All the lines below should be set down exactly, with no picture carried into the copy.

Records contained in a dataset
------------------------------------------------

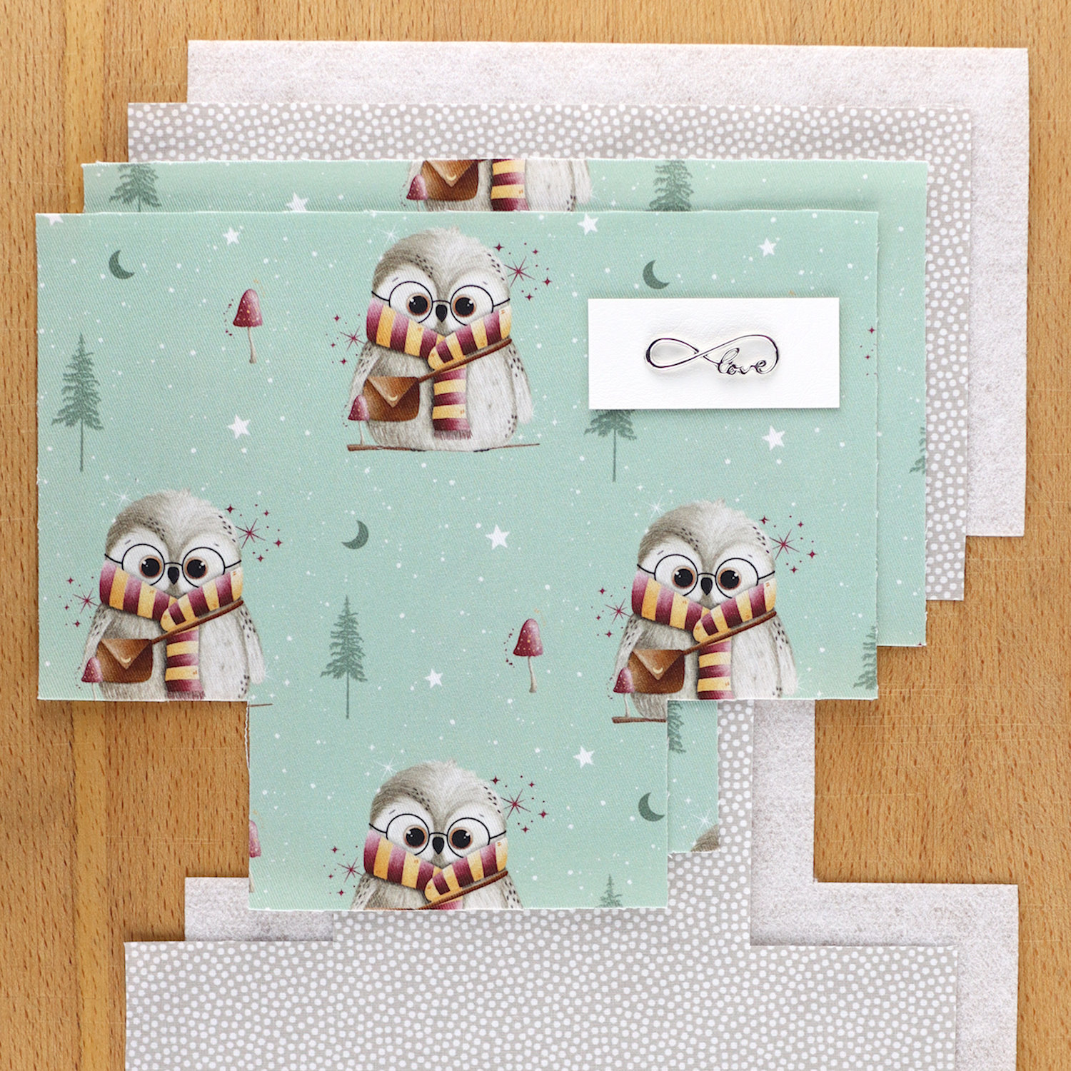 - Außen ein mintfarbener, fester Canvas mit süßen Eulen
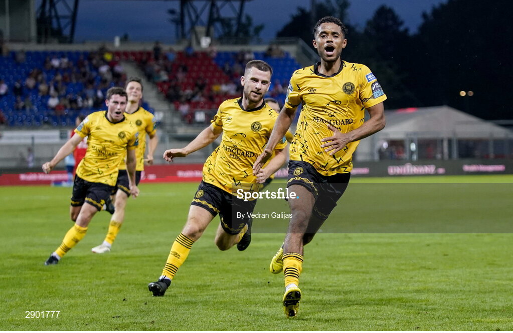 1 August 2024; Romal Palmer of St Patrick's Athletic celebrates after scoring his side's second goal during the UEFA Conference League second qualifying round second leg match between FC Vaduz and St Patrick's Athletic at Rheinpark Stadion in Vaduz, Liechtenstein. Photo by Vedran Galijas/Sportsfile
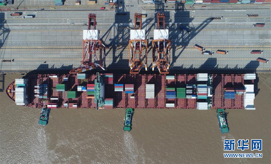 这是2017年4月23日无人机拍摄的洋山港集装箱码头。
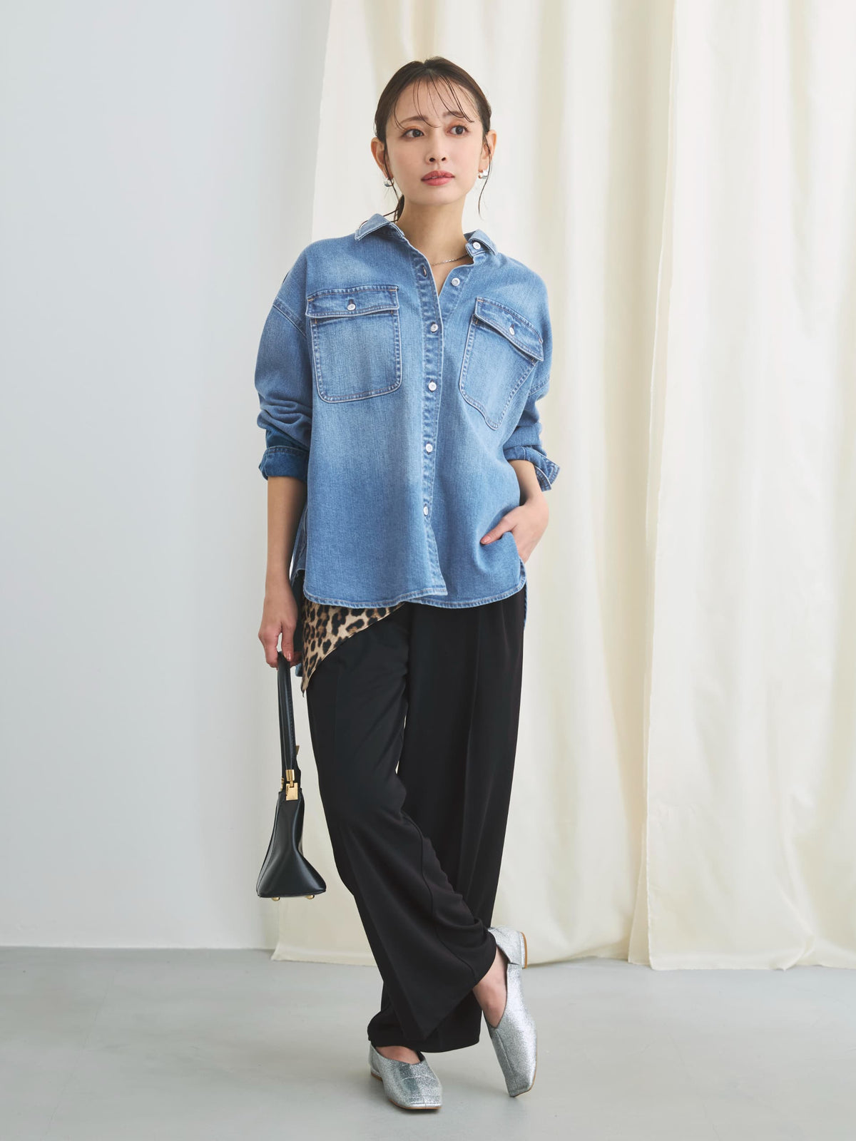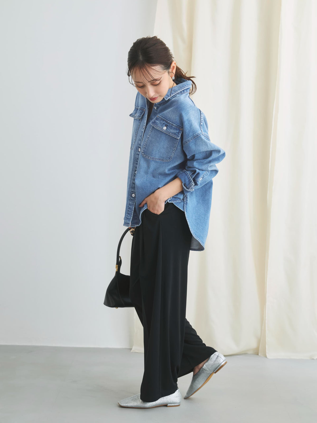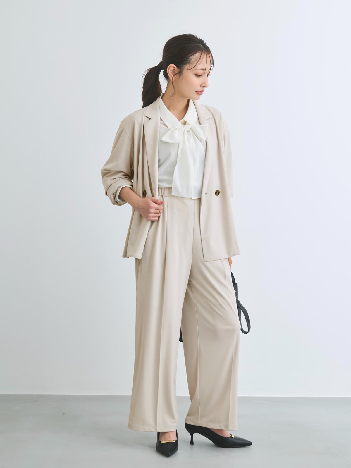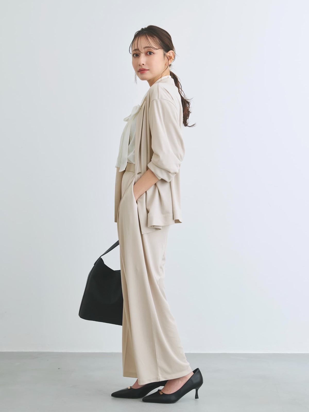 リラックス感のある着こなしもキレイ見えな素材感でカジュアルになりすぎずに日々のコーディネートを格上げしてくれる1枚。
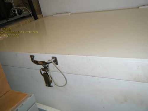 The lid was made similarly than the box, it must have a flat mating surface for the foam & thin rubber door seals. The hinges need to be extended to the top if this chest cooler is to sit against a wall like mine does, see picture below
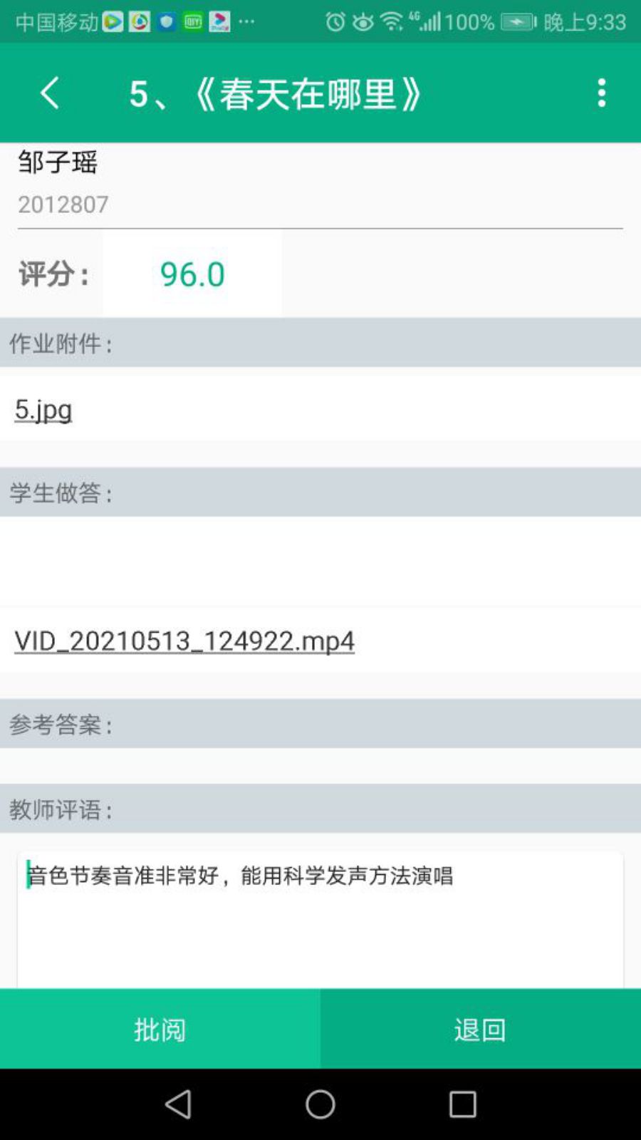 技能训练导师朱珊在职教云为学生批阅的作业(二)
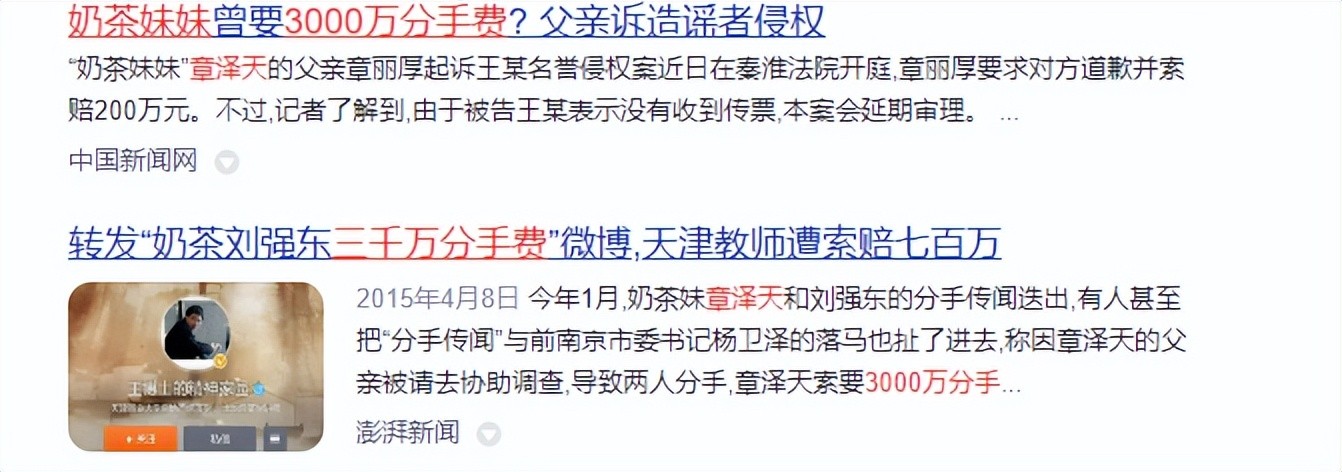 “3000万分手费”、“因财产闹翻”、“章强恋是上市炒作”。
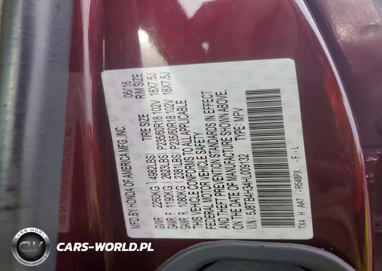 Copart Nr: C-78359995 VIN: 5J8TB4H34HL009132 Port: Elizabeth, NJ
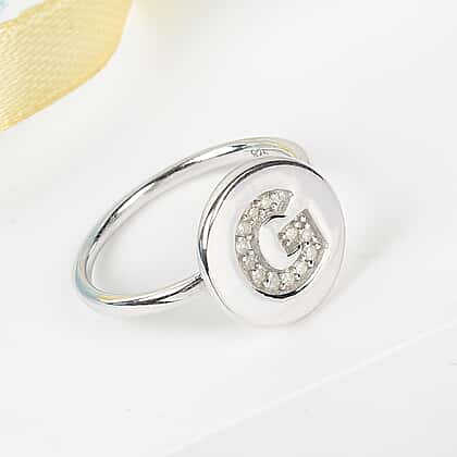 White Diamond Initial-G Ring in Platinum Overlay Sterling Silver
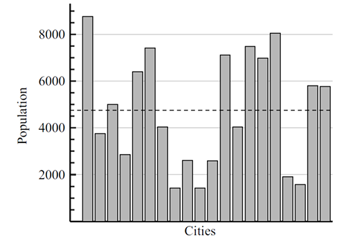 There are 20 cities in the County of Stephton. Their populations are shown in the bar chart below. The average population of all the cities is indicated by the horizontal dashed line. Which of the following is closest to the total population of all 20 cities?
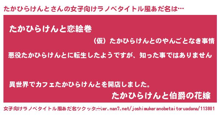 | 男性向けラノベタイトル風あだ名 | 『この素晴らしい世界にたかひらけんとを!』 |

------------------------------------------------

_RESPONSE FOR THIS EXERCISE_.
 - Außen ein mintfarbener, fester Canvas mit süßen Eulen
 1 August 2024; Romal Palmer of St Patrick's Athletic celebrates after scoring his side's second goal during the UEFA Conference League second qualifying round second leg match between FC Vaduz and St Patrick's Athletic at Rheinpark Stadion in Vaduz, Liechtenstein. Photo by Vedran Galijas/Sportsfile
 这是2017年4月23日无人机拍摄的洋山港集装箱码头。
 リラックス感のある着こなしもキレイ見えな素材感でカジュアルになりすぎずに日々のコーディネートを格上げしてくれる1枚。
 The lid was made similarly than the box, it must have a flat mating surface for the foam & thin rubber door seals. The hinges need to be extended to the top if this chest cooler is to sit against a wall like mine does, see picture below
 技能训练导师朱珊在职教云为学生批阅的作业(二)
 “3000万分手费”、“因财产闹翻”、“章强恋是上市炒作”。
 Copart Nr: C-78359995 VIN: 5J8TB4H34HL009132 Port: Elizabeth, NJ
 White Diamond Initial-G Ring in Platinum Overlay Sterling Silver
 There are 20 cities in the County of Stephton. Their populations are shown in the bar chart below. The average population of all the cities is indicated by the horizontal dashed line. Which of the following is closest to the total population of all 20 cities?
 | 男性向けラノベタイトル風あだ名 | 『この素晴らしい世界にたかひらけんとを!』 |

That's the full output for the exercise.